The huge Kavkaz-2008 military exercise conducted near the Georgian border just before the outbreak of the war.

The evacuation of the population of the South Ossetian capital Tskhinvali before the war.

The surprising presence of a huge group of about fifty Russian journalists from the most important Russian press media and TV stations in Tskhinvali two days before the war began.

The active preparation for participation in the war by Cossack militias from Russia before the outbreak of war.

The incursion of regular Russian troops into South Ossetia before the outbreak of war.

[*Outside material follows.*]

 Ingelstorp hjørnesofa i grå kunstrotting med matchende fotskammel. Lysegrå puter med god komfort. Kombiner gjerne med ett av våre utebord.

According to Wesley K. Clark and Peter L. Levin, “Russia has already perpetrated denial-of-service attacks against entire countries, including Estonia, in the spring of 2007—an attack that blocked the Web sites of several banks and the prime minister’s Web site—and Georgia, during the war of August 2008. In fact, shortly before the violence erupted, Georgia’s government claimed that a number of state computers had been commandeered by Russian hackers and that the Georgian Ministry of Foreign Affairs had been forced to relocate its Web site to Blogger, a free service run by Google.”[1] In the case of Georgia this would mean that the Russian cyber war already started before the hostilities began.

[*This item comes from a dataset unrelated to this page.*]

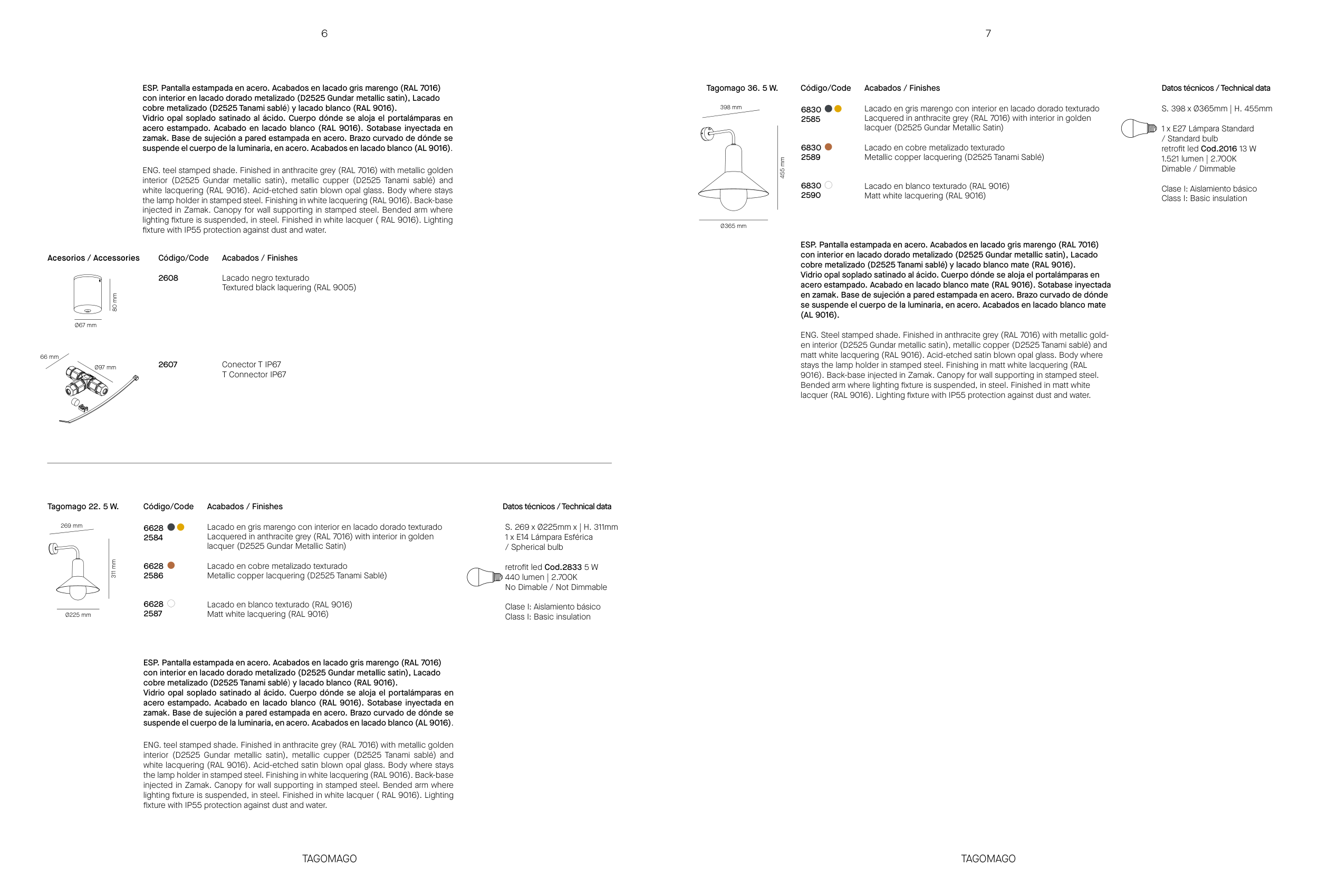 the lamp holder in stamped steel. Finishing in white lacquering (RAL 9016). Back-base

The Russian 58th Army is Russia’s main military force in the North Caucasus. In the weeks before the invasion it conducted major exercises with the code name “Kavkaz-2008” (Caucasus 2008). These exercises took place in North Ossetia, just north of the Georgian border. It was a combined forces exercise in which the Russian air force and the Black Sea Fleet also took part. The official reason for the exercise was to improve the army’s preparedness to fight terrorism. However, “such a force was hardly of great utility in fighting terrorists in the mountains, but it was ideal for a conventional invasion of a neighbor. In fact, this exercise was a trial run for the invasion about to take place. . . . It was de facto a war game to invade Georgia.”[2] When, on August 2, the exercise officially ended, the troops did not return to their barracks, but remained deployed in the frontier region with Georgia. According to Andrey Illarionov, “the build-up culminated with the amassing of 80,000 regular troops and paramilitaries close to the Georgian border, at least 60,000 of which participated in the August war.”[3]

The evacuation of the population of Tskhinvali was already wholly completed before the outbreak of the hostilities. Up to four thousand South Ossetians had crossed the border to neighboring North Ossetia in the Russian Federation. This exodus, meticulously prepared and organized by the authorities, was not a collective summer holiday, as President Kokoity wanted to make out. It was a preventive measure in a war of which the South Ossetian authorities—including the minister of defense, the Russian General Vasily Lunev (who would soon become the commander-in-chief of the attacking Russian 58th Army), already knew that it was going to take place.